Jennifer Finch, a renomada baixista da banda feminina L7, faleceu no último sábado, dia 18, aos 59 anos. A informação foi confirmada por meio de um comunicado oficial da banda, que destacou que Finch lutava contra uma forma agressiva de câncer no cérebro. A morte da artista ocorre apenas cinco dias após a divulgação de seu diagnóstico, gerando comoção entre fãs e colegas de profissão.
A nota publicada nas redes sociais da banda expressou a profunda tristeza pela perda de Finch, descrevendo-a como companheira, irmã, filha e amiga. “O impacto de Jennifer no mundo da música foi avassalador; o impacto em nossas vidas, ainda maior”, afirmou a publicação. A banda também pediu respeito à privacidade da família e amigos durante este momento de luto.
Na semana anterior ao seu falecimento, a banda havia revelado que Finch havia recebido o diagnóstico de câncer cerebral, o que levou à abertura de uma campanha de arrecadação para custear seu tratamento. A meta inicial era de US$ 350 mil, mas a mobilização do público resultou em uma arrecadação total de US$ 364.287, aproximadamente R$ 1,8 milhão. A equipe de Finch expressou sua gratidão pelo apoio recebido, ressaltando a importância das doações para o tratamento da artista.

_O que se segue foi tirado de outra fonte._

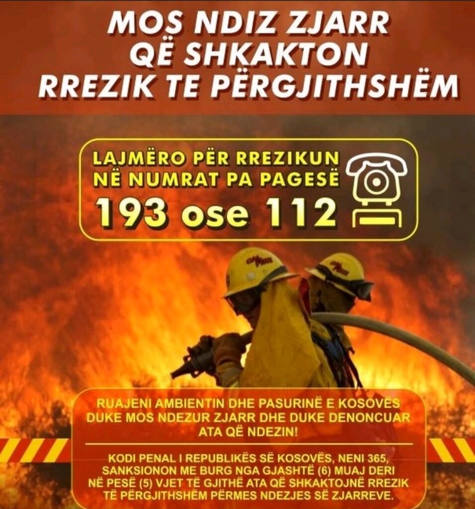 Policia e Kosovës do të ndërmarr masa ligjore ndaj të gjithë personave që ndezin zjarre duke shkaktuar rrezik të përgjithshëm.
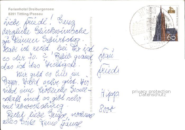 72146585 alte Postkarte Tittling Ferienhotel Dreiburgensee Gastraum Terrasse Rezeption postalisch gelaufen Erhaltung siehe scans KatCode: 11110009275152
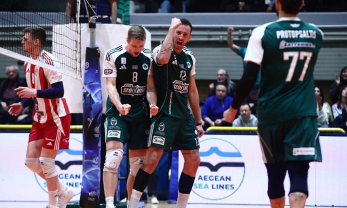 Επιβλητικός και αποφασισμένος παρουσιάστηκε ο Παναθηναϊκός στο κλειστό του Μετς, επικρατώντας εύκολα με 3-0 σετ του Ολυμπιακoύ και παίρνοντας εκδίκηση για τον χαμένο τελικό του Σούπερ Καπ. Οι «πράσινοι» είχαν τον έλεγχο της αναμέτρησης από νωρίς, πίεσαν στο σερβίς και επέβαλαν τον ρυθμό τους σε όλη τη διάρκεια του ντέρμπι.

Devido à gravidade de sua condição, a turnê ‘Last Hurrah’, da L7, não contará com a participação de Jennifer Finch. Desde o diagnóstico, a artista passou por diversas cirurgias e enfrentou uma série de complicações que resultaram em limitações físicas significativas. Inicialmente, Finch acreditava que um ciclo completo de radioterapia poderia ajudá-la a retomar uma vida normal, mas os resultados não foram os esperados.

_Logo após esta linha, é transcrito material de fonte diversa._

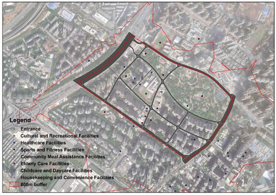 Based on this classification framework, facilities were divided into three hierarchical levels: Level I facilities—key services that are strongly promoted; Level II facilities—services recommended for prioritized construction; Level III facilities—supplementary services implemented based on local demand and site conditions. Following this classification, seven major categories of embedded service facilities were selected as the focus of analysis: Elderly Care Facilities; Childcare and Daycare Facilities; Community Meal Assistance Facilities; Healthcare Facilities; Sports and Fitness Facilities; Cultural and Recreational Facilities; Housekeeping and Convenience Facilities.

A campanha de arrecadação foi criada para cobrir uma variedade de despesas relacionadas ao tratamento e cuidados de saúde de Finch. Os recursos arrecadados seriam utilizados para garantir cuidados profissionais de enfermagem domiciliar, fisioterapia e fonoaudiologia, além de equipamentos médicos e outras necessidades essenciais. Também estavam inclusas despesas com cuidados domiciliares que permitiriam que a artista permanecesse em casa, assim como honorários advocatícios e a preservação de seu legado artístico por meio da criação de um arquivo de seu trabalho.
A equipe de Jennifer Finch destacou que os custos para proporcionar os cuidados necessários eram elevados, mas essenciais para oferecer a ela a melhor chance de uma recuperação significativa, mantendo conforto, dignidade e independência. Além disso, os fundos também serviriam para garantir que o trabalho de Finch continuasse a impactar vidas muito além deste momento.
A perda de Jennifer Finch representa uma significativa lacuna na cena musical, especialmente no contexto do rock alternativo, onde a banda L7 se destacou como uma das pioneiras do movimento grunge nos anos 1990. A artista deixa um legado importante, tanto por sua contribuição musical quanto pela luta corajosa contra a doença que a acometeu.